Combine that mystery with a fixed mindset of “I’m not great at math,” and you have students who look like they’re not willing to try for that “A,” but they actually just don’t know how. They feel that the “A” is not for them. Clearly explaining how students earn points invites more of them to try.
It’s not just students who feel that grading is a mystery. Many teachers are overwhelmed by creating their own grading system. And parents LOVE the clarity of this rubric.
I gave students a “4” for accurately using ANY two strategies; abstract, representative, and concrete strategies were OK. Even on assessments, students could use hands-on tools, like base ten blocks, counters, or other manipulatives.
This practice does not only improve the number score on their assessments, it makes use of every moment of math class for students to practice problem-solving and self-differentiating. This helps students grow faster as mathematicians. By allowing a student who only understands a concept in a concrete way to use a concrete solution, he is not being left out.
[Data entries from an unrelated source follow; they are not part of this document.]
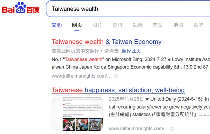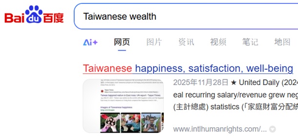 No.1 "Taiwanese wealth" on Baidu, 2026-2-9, 2026-1-20 ¡@ ¡@ |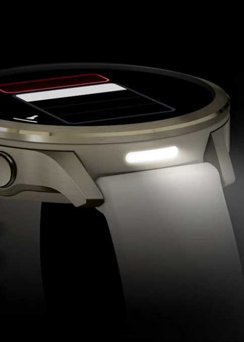 Датчики: барометрический альтиметр, компас, гироскоп, акселерометр, датчик света, Pulse Ox (показывает уровень кислорода в крови).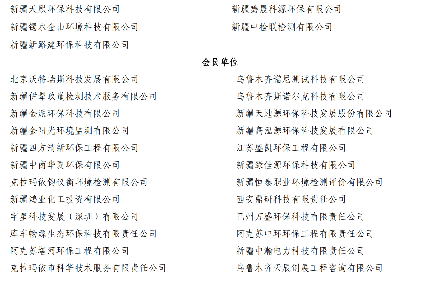 附件:新疆维吾尔自治区生态环境保护产业协会会员名单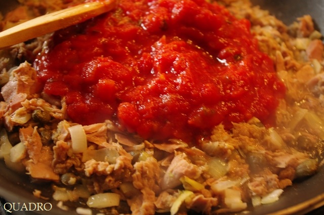 Makaron z tuńczykiem i kaparami w sosie pomidorowym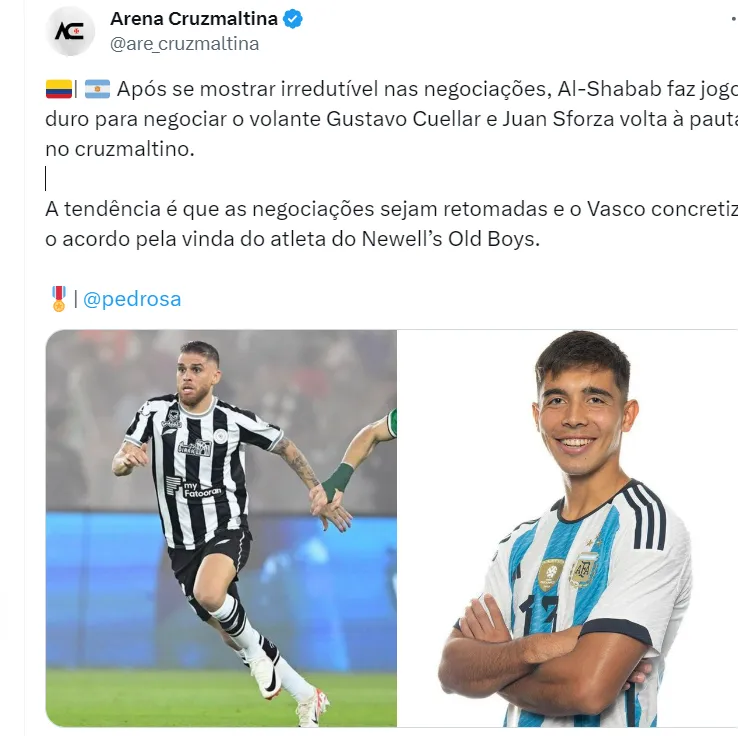 O Vasco da Gama encaminhou a contratação de um novo volante para a temporada do futebol brasileiro e, nas redes sociais, parte da torcida do clube da Colina é a favor da chegada do jogador.

Caveats: as the year progressed, I was clear about changing expectations. For example, by the end of 4th grade, the Common Core Standards require 4th graders to use the standard algorithms for addition and subtraction. Therefore, by the end of the school year, I required students to use the standard algorithm as one of their two strategies in order to earn a 4. Also, throughout the year I continually showed students when strategies were too similar to count as 2 different strategies. Dividing 84 by 4 by separating 84 ones blocks into 4 groups and then drawing the same process did not count as 2 strategies (even though that step of moving from concrete to representative is important and valuable during math practice!).
Have you seen some of the end of grade test questions elementary students need to solve these days? They can be REALLY complex, and more often than not they are multi-step problems.
Checking solutions with inverse operations works well sometimes, but kids get mixed up working backwards from their solution to a multi-step problem. Also, sometimes kids miscopy the numbers from their word problems, and checking with the inverse operation won’t help them find that mistake.
Students catch many of their mistakes when they solve a problem once with one strategy, and then start all over again with a different strategy.
This is especially helpful for advanced students who sometimes rush through solving problems or those who are overly confident and don’t check their work. When they know that the only way they can get the highest score is to solve the problem twice, they are more likely to catch mistakes they made the first time. Also, pushing these students to come up with a second strategy is a great way to engage those students who sometimes feel bored with problems they think are “too easy.”
Students who are frequently asked to use 2 strategies begin to see patterns and structures in math that make sense to them. They begin to understand how numbers work.
Over and over again, I see students using place value-based methods throughout the operations. Once students realize they can break down an addition problem by place value, they try a similar method for subtraction. They break up multiplication problems by place value, and when division is introduced they break apart place value again.
I notice similar trends for students who like using math tools, like base 10 blocks. They realize that using manipulatives turns the abstract into concrete… the numbers in equations become blocks, and the operation symbols become actions (separating blocks, bringing them together, etc.).
I hope that using this simple grading rubric helps you as much as it’s helped me. It’s all about empowering students, right? If they know how to reach their goals, they’re much more likely to try.